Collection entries
━━━
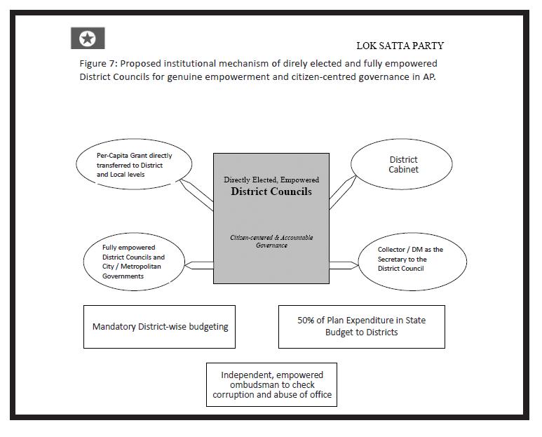 III. Establishing elected and fully empowered District Councils and City/Metro governments - mandatory district-wise budgeting - per capita grants directly to local governments - strengthening the third tier of government in the Indian federal structure.
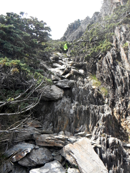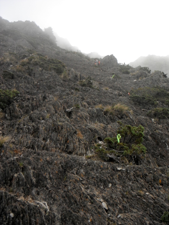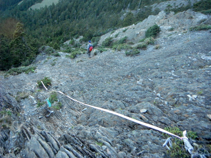 1052西峰山屋前陡坡。取回藏在這裡的帳篷,隊友先行,路ㄟ重新打包。
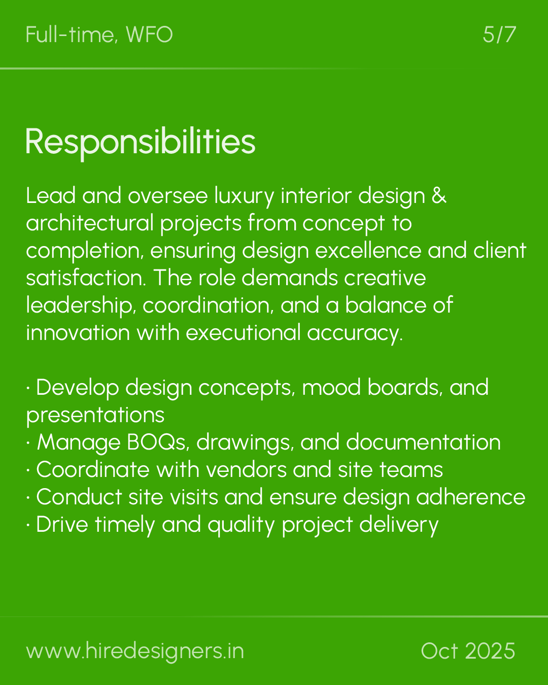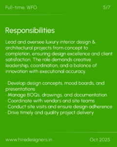 Lead and oversee luxury interior design & architectural projects from concept to completion, ensuring design excellence and client satisfaction. The role demands creative leadership, coordination, and a balance of innovation with executional accuracy.
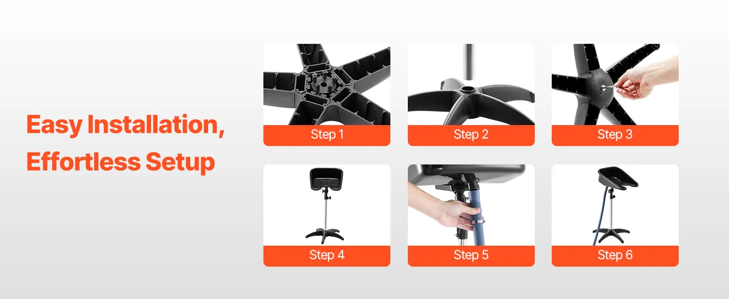The portable shampoo bowl can be quickly installed and disassembled on your own by following the provided instructions or installation video. It's simple and convenient for daily mobility, cleaning, and storage.
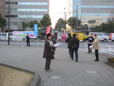 「NECソフトはパワハラ・退職強要を反省し、解雇撤回を! NECソフト 人事総務部が行ってきたパワハラ、退職強要の実態!」のビラ配布を中心とした宣伝行動を行いました。
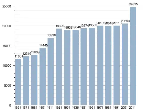 في سنة 1861 بلغ عدد السكان 11٬651 نسمة، وتطور العدد ليصل في سنة 2011 لـ 24٬825 نسمة.
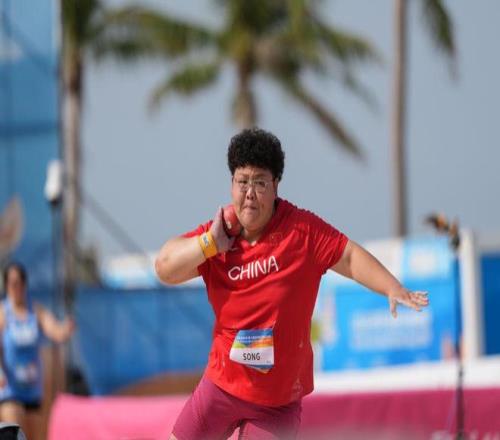 沙滩田径赛场上,中国选手宋佳媛成为女子铅球冠军,这是中国体育代表团在本届亚沙会沙滩田径项目中收获的首枚金牌。宋佳媛在最后一投中投出19米15,夺冠的同时也刷新了赛会纪录。
━━━
# Your objective:
Hand back the exact lines from the start of the entries to the line with "1052西峰山屋前陡坡。取回藏在這裡的帳篷,隊友先行,路ㄟ重新打包。", both ends kept and pictures left out.

# Written response:
 III. Establishing elected and fully empowered District Councils and City/Metro governments - mandatory district-wise budgeting - per capita grants directly to local governments - strengthening the third tier of government in the Indian federal structure.
 1052西峰山屋前陡坡。取回藏在這裡的帳篷,隊友先行,路ㄟ重新打包。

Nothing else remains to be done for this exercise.